“Living in Union”

“Living in union with [God] means we must learn to live in union with our wives, our children, our parents, our neighbors, our community. We should demand that our so-called ‘leaders,’ demonstrate that they are experts in creating unity—between races, regions, economic groups.”
Sargent Shriver | Washington, DC | November 14, 1982

Our Quote of the Week is a spiritual call to unity for our leaders and for all of us. We offer these words for reflection as the holiday season approaches.

This week’s speech is from Sargent Shriver’s 1982 Address to the National Conference of Catholic Bishops Committee on Catholic Teaching and the American Economy, a speech in which Shriver blends the spiritual and the material, the joyous and the critical, to make some important points about humanity’s needs. Since he is speaking to a predominantly
Christian—and specifically, Catholic —audience, he does not hold back on stressing the ways in which faith leaders can exert influence in society:

“Our Church could take a lead in showing how our Lord never cast any stones, let alone, the first one, never sought revenge, never attacked those who sought to do Him harm. And always ought to unify everyone under the Fatherhood of God: sinners, prostitutes, moneychangers, army officers, tax gatherers, Samaritans, Gentiles, Jews, and even lawyers.”
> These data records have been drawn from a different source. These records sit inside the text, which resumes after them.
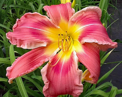 Big coral pink cascading bloom with a darker pink eye and curling petals and sepals. Lovely pale pink edge sets this bloom off. Reblooming and fragrant. Awards: AM 2018; HM 2015; L/W 2018. 2022 Stout Silver Medal Runner-up and 2022 Lenington All-American Award!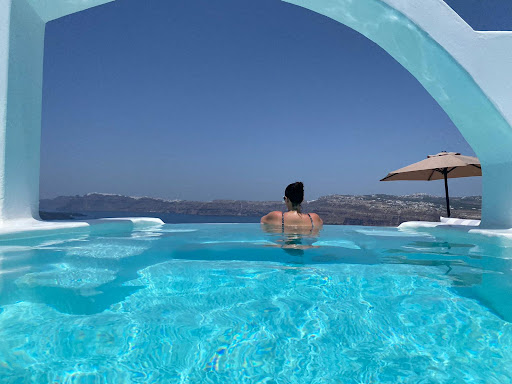 Of course, I also have to mention that the suite is super cute and exactly the vibe I was going for. It was spacious and the views were expansive. Sure, we could've stayed in Oia but I am not sure we would've gotten the level of service nor have as much space as we have.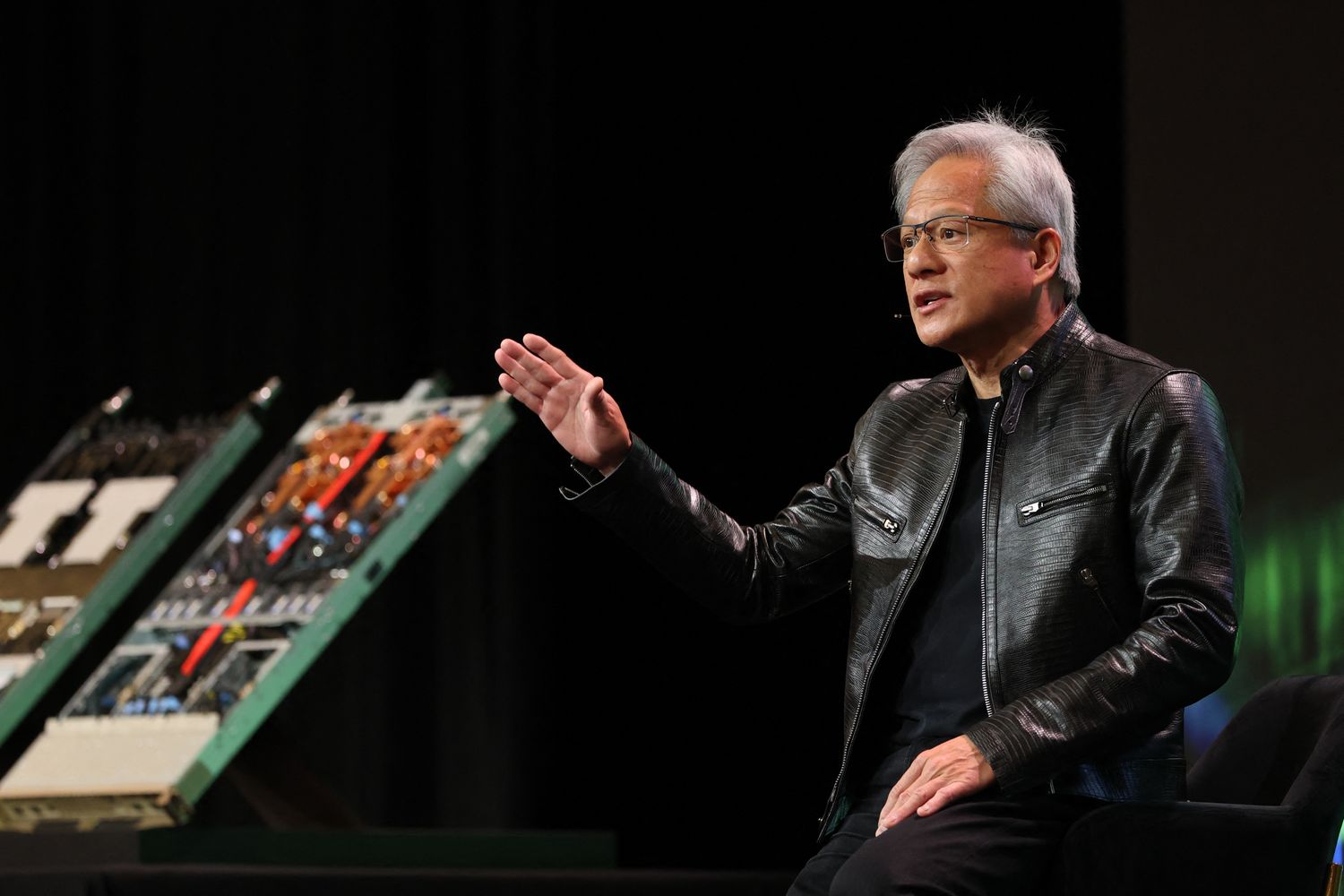 Jensen Huang, PDG de Nvidia Corp., lors d'une conférence de presse en marge du sommet des PDG de l'APEC à Gyeongju, en Corée du Sud, le vendredi 31 octobre 2025.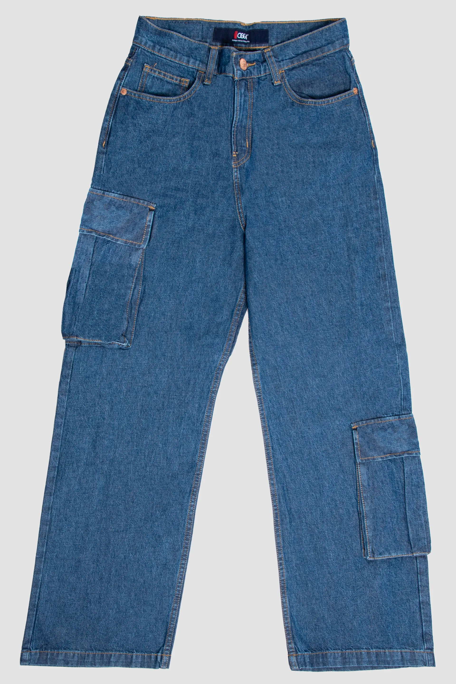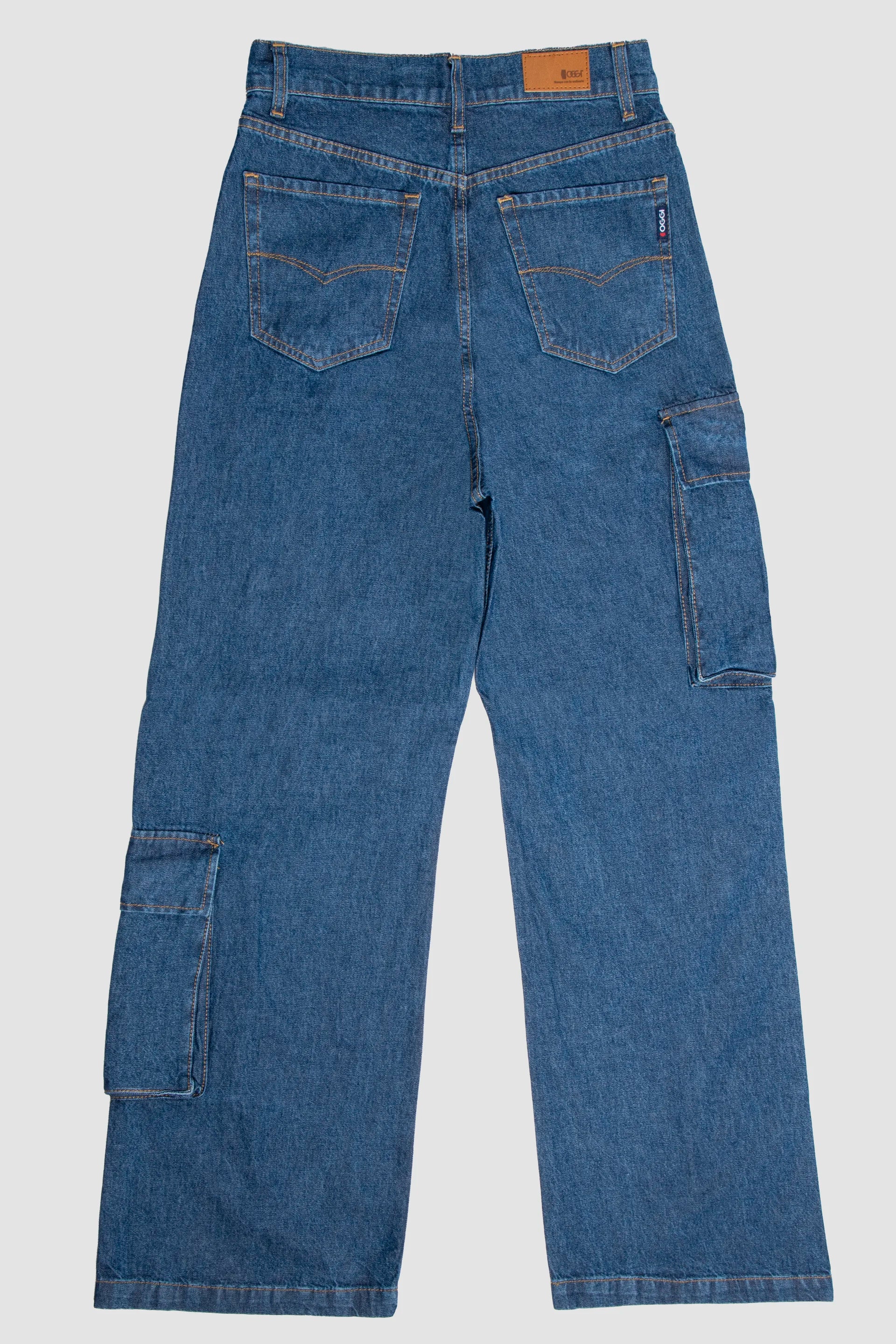 Además, los bolsillos cargo a los costados añaden un detalle práctico y actual que suma carácter sin complicar el look. Gracias a todo esto, los Jeans Amplio Azul para Mujer - Wide Leg se convierten en una opción ideal para quienes buscan un estilo cómodo, moderno y con un toque distintivo.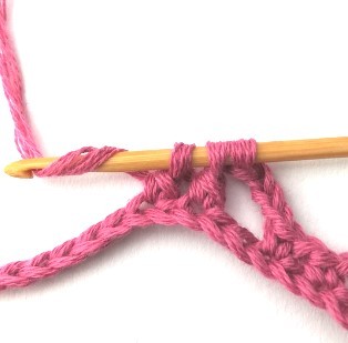6. Chain four. Next you will make a double crochet two together (dc2tog) working in the third and in the fifth stitch.

(Sargent Shriver was a lawyer by profession.)

It is from this impulse to be Christ-like that Shriver encourages his audience to be “in union” with everyone around us—and to demand the same of our leaders.

We take Sargent Shriver’s words to heart we head into Thanksgiving week in the United States. Whatever our spiritual beliefs, may we focus on our human impulse to come together and to be connected to something greater than ourselves. And may that impulse take us through our days so that we may create a more unified world community.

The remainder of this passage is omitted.